И так мы находим ту же простую и милую трактовку — открытое небо, нежные, непритязательные горизонтальные белые облака, далекий извилистый и обильный пейзаж — у Джотто, Таддео Гадди, Лаурати, Анджелико, Беноццо, Гирландайо, Франчи, Перуджино и молодого Рафаэля; первый симптом условности появляется у Перуджино, который, хотя с интенсивным чувством света и цвета он перенес славу своей светящейся дали далеко за пределы всех своих предшественников, начал в то же время использовать несколько болезненный рельеф своих фигур на фоне верхнего неба. Так в «Вознесении» Флорентийской академии, в «Вознесении» церкви Аннунциата и Болонской галереи, во всех этих картинах нижние части несравненно лучше благодаря светлому пространству за головами. Рафаэль в своем падении предал веру, которую получил от своего отца и своего учителя, и заменил сияющее небо «Мадонны со щеглом» стеной комнаты «Мадонны в кресле» и коричневой обшивкой «Балдахина». И все же любопытно наблюдать, как много достоинства даже в его поздних картинах зависит от таких частей, как зеленый свет озера и небо за скалами в «Святом Иоанне» в Трибуне, и как переписанное искажение «Мадонны с вуалью» искупается чем-то вроде возвышенного характера просто благодаря свету льняного окна, от которого она получила свое название.

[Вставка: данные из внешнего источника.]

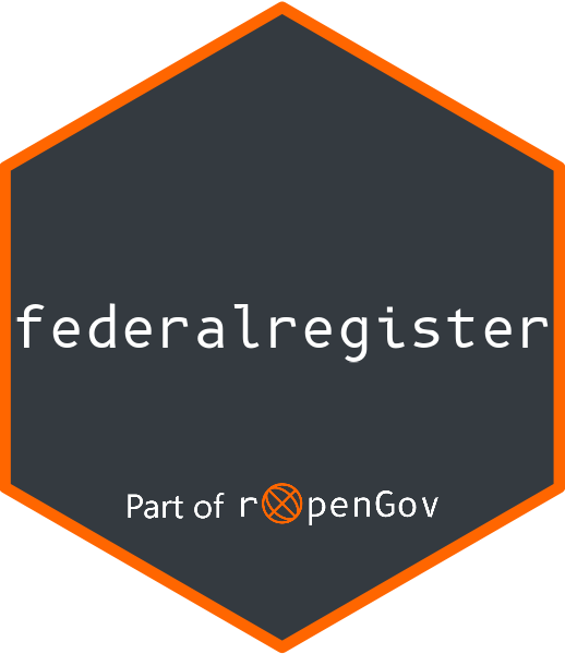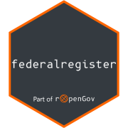 This package provides access to the API for the United States Federal Register. The API provides access to all Federal Register contents since 1994, including Executive Orders by Presidents Clinton, Bush, and Obama and all “Public Inspection” Documents made available prior to publication in the Register. The API returns basic details about each entry in the Register and provides URLs for HTML, PDF, and plain text versions of the contents thereof, and the data are fully searchable. The federalregister package provides access to all version 1 API endpoints.
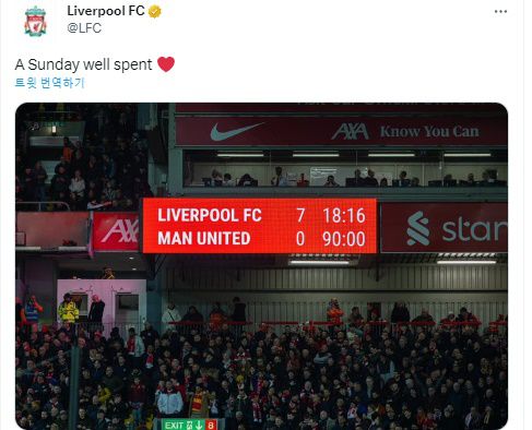 약 100년이 넘는 클럽 역사 속에서 맨유전 7골 차 대승을 맛본 게 처음인 리버풀은 곧바로 이를 기록으로 남겼다. 리버풀은 구단 공식 SNS에 "알차게 보낸 일요일"이라며 7-0 스코어가 적혀 있는 전광판을 게시했다.
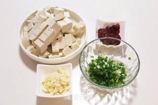 准备食材。卤水豆腐一块、猪肉馅适量。辣椒面10克、花椒10克、蒜10克、香葱适量、郫县豆瓣酱适量、食用油适量、酱油少许、水淀粉30克、鸡精1克、香油几滴。
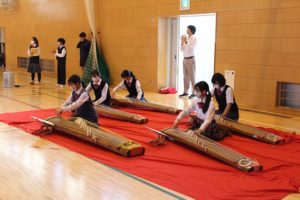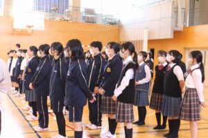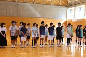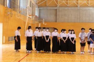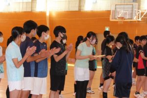 *応援団による応援と箏曲部の素敵な演奏ありがとうございました。美術部のうちわもとても素敵でした試合で使わせていただきます。僕たち男子バスケ部は支部優勝、県ベスト8の目標を達成できるようチーム一丸となって頑張りますので応援のほどよろしくお願いします。(2年)
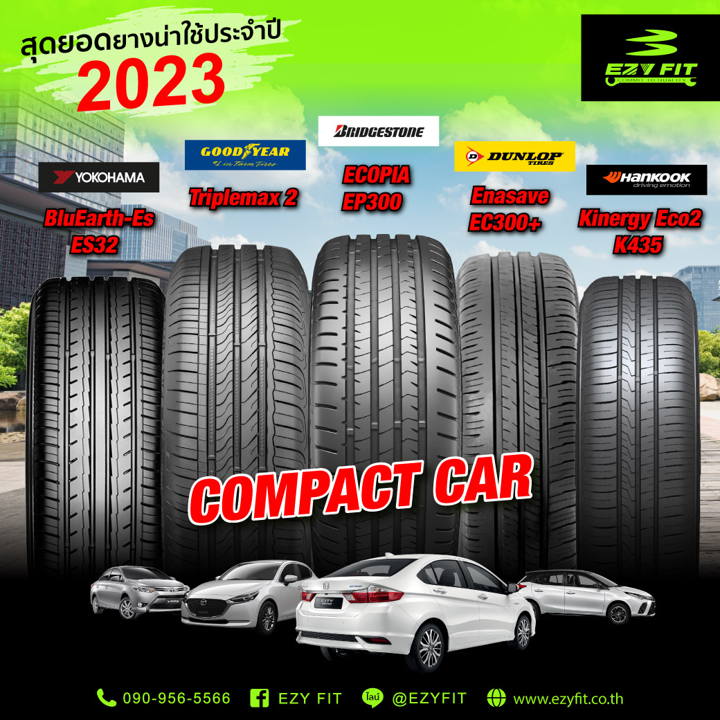 🎉 สุดยอดยางน่าใช้ประจำปี 2023 สำหรับ Compact Car '🚗Bridgestone Ecopia EP300 , Yokohama BluEarth-Es ES32 , Dunlop Enasave EC300+ , Hankook Kinergy Eco2 K435 , Goodyear Triplemax 2
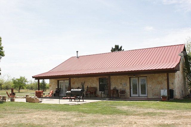 Don't miss this hidden paradise minutes from town. 10+ acres with an amazing 3 bed, 2 bath ranch style home, large gourmet kitchen, vaulted ceiling with spectacular windows and natural lighting. Austin stone exterior, metal roof, crossed fenced, extra storage building. Enjoy the oversized back porch partially cover with a beautiful rock fountain. Endless cool breeze on pastures that are open and clean with lots trees and wild flowers.
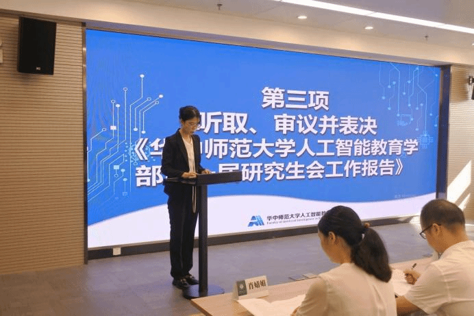 随后,与会人员听取、审议并表决《华中师范大学人工智能教育学部第一次研究生代表大会提案工作报告》。
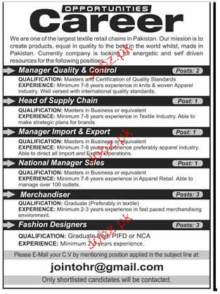 Apply as per details in job advertisement. Login to view further details of how to apply via https://www.jobz.pk online.

То, что флорентийцами делалось в чистой простоте сердца, венецианцами делалось с интенсивной любовью к цвету и великолепию самого неба, вплоть до частого принесения в жертву своего сюжета страсти к его дали. У Карпаччо, Джованни Беллини, Джорджоне, Тициана, Веронезе и Тинторетто ценность светящегося неба, насколько это вообще могло быть совместимо с их сюжетом, почти постоянна; она оставлена полностью только в портретной живописи, редко даже там, и никогда с выгодой. Тициан и Веронезе, у которых было менее возвышенное чувство, чем у других, дают несколько примеров исключения: последний подавляет свои серебристые дали великолепием переднего плана, другой иногда жертвует ими ради сочной полноты цвета, как в «Бичевании» в Лувре, путем сравнения которой с несравненным величием «Положения во гроб» напротив, вся сила и применимость общего принципа могут быть сразу проверены.
Но о ценности этого способа трактовки есть более далекое и убедительное доказательство, чем его принятие либо невинностью флорентийцев, либо пылом венецианцев, а именно: когда он сохраняется или имитируется ими пейзажистами семнадцатого века, когда он появляется в изоляции от всего остального доброго, среди слабостей и ничтожности Клода, манерности Гаспара и карикатур и жестокостей Сальватора, он все же искупает и поддерживает всех троих, побеждает всю скверну своей чистотой, оправдывает всю глупость своим достоинством и вкладывает непостижимую силу постоянного обращения к человеческому сердцу в уста бессмысленных и нечестивых.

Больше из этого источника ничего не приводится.